Victory for Unions’ Right to Picket

The Supreme Court of the United States once recognized that “[p]eaceful picketing is the workingman’s means of communication.” Milk Wagon Driver’s Union v. Meadowmoor, Inc., 312 U.S. 287, 293 (1941).  Since then, employers have steadily chipped away at the laws that allow workers to express themselves through picketing.  Fortunately, on April 1, 2019, the Labor Movement deflected the latest attack on the right to picket when the Supreme Court declined to review a Court of Appeals case where the employer attempted to establish a categorical bar on picketing by employees on the employer’s property during work hours.

Whenever employees seek to exercise their right to solicit support for a labor dispute “on their employer’s property, the employees’ rights are balanced against the employer’s property interests . . . .”  Capital Med.
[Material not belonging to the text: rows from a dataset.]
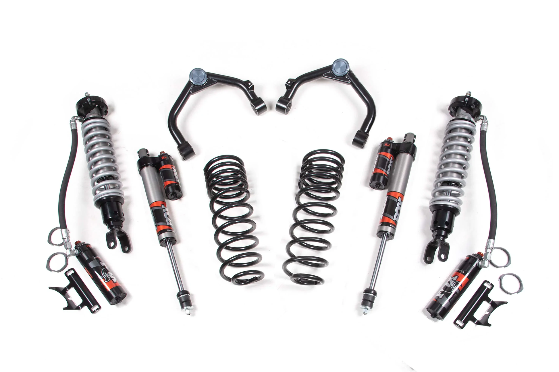 Up front the lift kit includes FOX 2.5 Performance Elite Series remote reservoir coil-over shocks and heavy duty tubular upper control arms for increased strength. In the rear the stance is leveled out with a pair of 1.5" dual rate coil springs designed for exceptional ride quality and additional load capacity over stock. Your choice of rear FOX 2.0 Performance Series IFP gas shocks or upgrade FOX 2.5 Performance Elite Series DSC reservoir shocks are offered to match the front for next level performance and easy tuning to meet the demands out on the trail.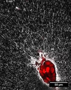 video: Through time-resolved observation of the cells, a research team at the Technical University of Munich was able to investigate the complex interactions between the organoid cells and the surrounding collagen matrix in detail. By expanding in the direction of movement and then contracting again, the cells generate forces that deform the surrounding collagen matrix, making it possible for the organoid to organize the direction of its own further growth.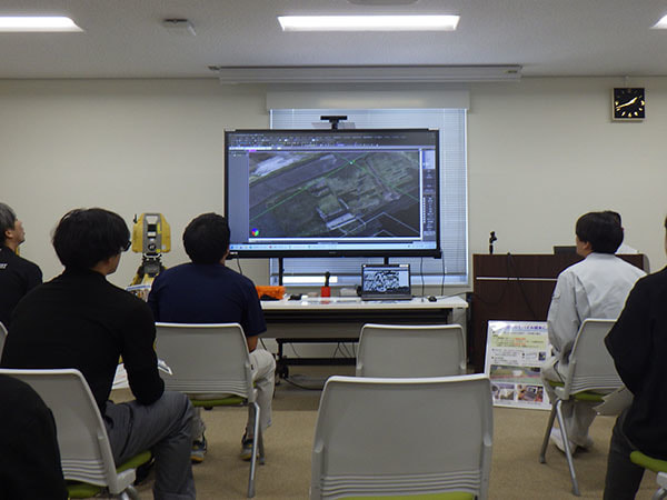 本勉強会は、近年のICT施工に伴う急速進展を見せるドローンを活用した測量に着目し、株式会社ドローンクリエイトの宮内様より「ドローンを使用した起工測量」について、従来の起工測量とドローンを用いた3次元測量の違いや、実際の成果品を使った3次元設計データの内容についてご教示いただきました。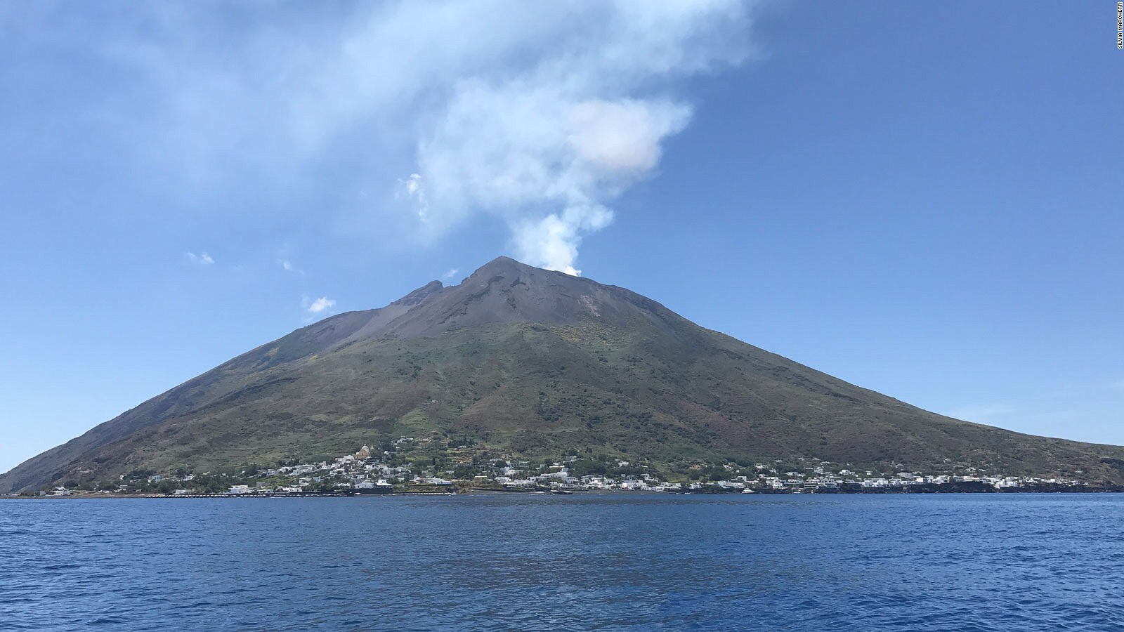 Na ostrove sa nachádzajú dve osady, v ktorých žije už len približne 500 obyvateľov. Podľa hasičov spôsobili kusy horniny na niekoľkých miestach ostrovapožiar, domy však ohrozené nie sú. Hasiči dopravujú na ostrov posily a oheň hasia aj z lietadla zo vzduchu. Niektorí vystrašení turisti zo strachu z požiarov naskákali do mora. Pobrežná stráž zároveň pripravuje evakuáciu tých, ktorí o ňu budú mať záujem.

Ctr. v. NLRB, 909 F.3d 427, 431 (2018).  Employees are presumed to have the right to solicit support unless the employer presents that a prohibition is necessary to maintain discipline.  InCapital, the employer argued that the law’s presumption in favor of employee rights “should be inapplicable in the context of employee picketing on company property.”  Capital, 909 F.3d at 433.  The court disagreed, finding that picketing is no more disruptive than other kinds of pro-union communication.  Id. at 434.  The court upheld the right to picket for “a small number of off-duty hospital employees, seeking to inform visitors to the facility about an ongoing labor dispute . . . .”  Id. at 430.

For now, the law continues to protect non-disruptive picketing on company property.  Members and organizers should remain vigilant for any attempts by management to curtail the union’s right to peacefully picket on company property.